Import can be triggered via de Django admin interface. With one or more config selected, choose the "import" action from
the dropdown above the table and click on "Go". The tasks are executed asynchronously and the "latest task" field will
show the status of the last import run. Clicking on it will provide more details
such as import logs. On failure, the errors
JSON field is populated with the relevant details - e.g. the unknown
dimension codes encountered in the file's data.
Using the "Delete existing facts and trigger import" option instead will first delete any facts that are linked to the import config and as well as force redownloading the dataset from ESTAT instead of using a locally cached version, if that was available in the first place.
The cached dataset is automatically checked if stale or not before use in an import by validating the local data with the metadata API from ESTAT. If the cache is stale, the new version will be downloaded before the import.
Details for all historical runs can be found in the "Import config results" section of the admin.
Imports can also be triggered via cmd line using the estat_import
management command. Destructive actions will require
user interactive confirmation unless the --no-input
argument is given. Example:
[digital-agenda@digital-agenda-data ~]$ docker compose exec app ./manage.py estat_import --code educ_uoe_grad03 --delete-existing --force-download
Warning! This will remove 654 facts from 1 import configurations. Continue? [Y/n] Y
[2023-01-18 14:05:22] INFO digital_agenda.apps.estat.tasks: Processing config: <ImportConfig: educ_uoe_grad03 (1)> (tasks.py:15)
[2023-01-18 14:05:22] INFO digital_agenda.apps.estat.tasks: Deleted Facts: (654, {'core.Fact': 654}) (tasks.py:23)
[2023-01-18 14:05:22] INFO digital_agenda.apps.estat.estat_import: Downloading from: https://ec.europa.eu/eurostat/api/dissemination/sdmx/2.1/data/educ_uoe_grad03?compressed=true&format=JSON&lang=en (estat_import.py:78)
[2023-01-18 14:05:23] INFO digital_agenda.apps.estat.estat_import: Decompressing JSON: educ_uoe_grad03 (estat_import.py:85)
[2023-01-18 14:05:23] INFO digital_agenda.apps.estat.estat_import: Processing dataset: /.fs/estat/educ_uoe_grad03.json (estat_import.py:65)
[2023-01-18 14:05:25] INFO digital_agenda.apps.estat.estat_import: Importing with <ImportConfig: educ_uoe_grad03 (1)> (estat_import.py:267)
[2023-01-18 14:05:40] INFO digital_agenda.apps.estat.estat_import: Batch processed <ImportConfig: educ_uoe_grad03 (1)>; fact objs created 654 / 1533168 (estat_import.py:272)
[2023-01-18 14:05:40] INFO digital_agenda.apps.estat.estat_import: Assigning indicator datasource (estat_import.py:279)
[2023-01-18 14:05:40] INFO digital_agenda.apps.core.cache: Clearing cache 'default' (cache.py:17)
Facts can be loaded from Excel files (.xls
and .xlsx
formats supported).
Imports are started by creating a new record in the "Upload data from file" admin site section.

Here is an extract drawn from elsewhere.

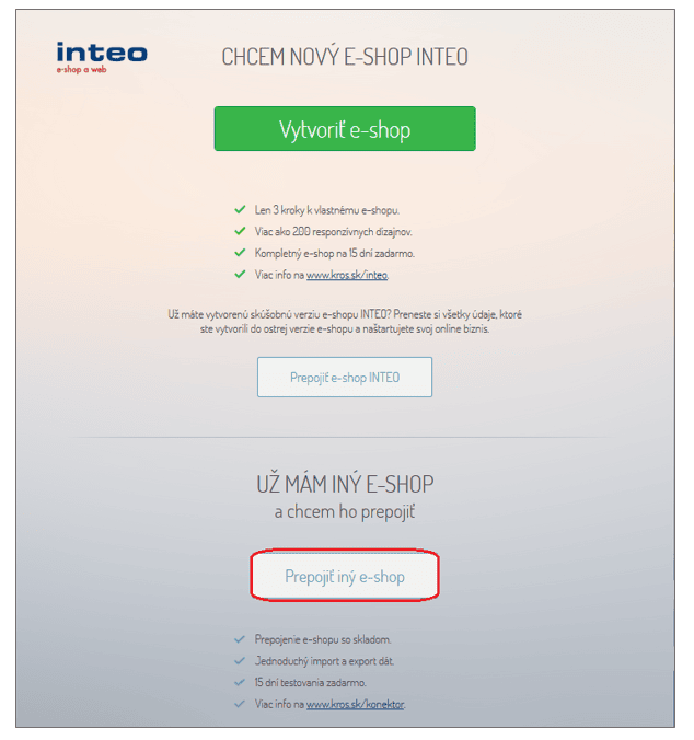 Po nastavení kritérií sa automaticky otvorí internetový prehliadač, v ktorom je potrebné vytvoriť alebo nastaviť e-shop, ktorý budeme používať.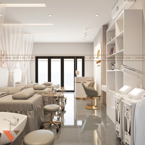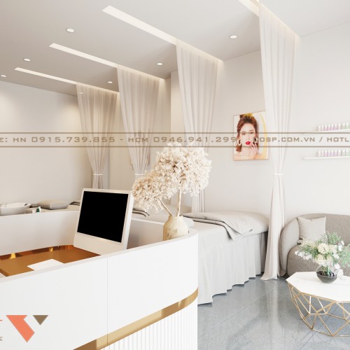 Bước vào spa, khách hàng sẽ được chào đón bởi khu vực quầy lễ tân sang trọng. Quầy được thiết kế với tone màu trắng chủ đạo, kết hợp với những đường viền ánh kim màu vàng. Trên tường phía sau là logo spa được gắn nổi với hệ thống đèn hắt sáng, làm nổi bật thương hiệu một cách tinh tế.

Once a file is uploaded and the record is saved, the import task will run asynchronously, and update the record status
when completed. On failure, the errors
JSON field is populated with the relevant details - e.g. the unknown
dimension codes encountered in the file's data.
Historical runs for each import can be found under "Upload data from file results" with all the logs and errors for each run.
Data structure requirements:
- data is on the first sheet
- data starts on second row (header row is skipped, contents are not relevant)
- columns order is:
- year
- country
- indicator (variable)
- breakdown
- unit
- value
- flag(s)
Whenever data is imported (either via file upload or ESTAT import), any old fact value that already existed with the same unique key will be updated. The fact will also be linked to the new file/import and unliked from the old file/import it was imported from.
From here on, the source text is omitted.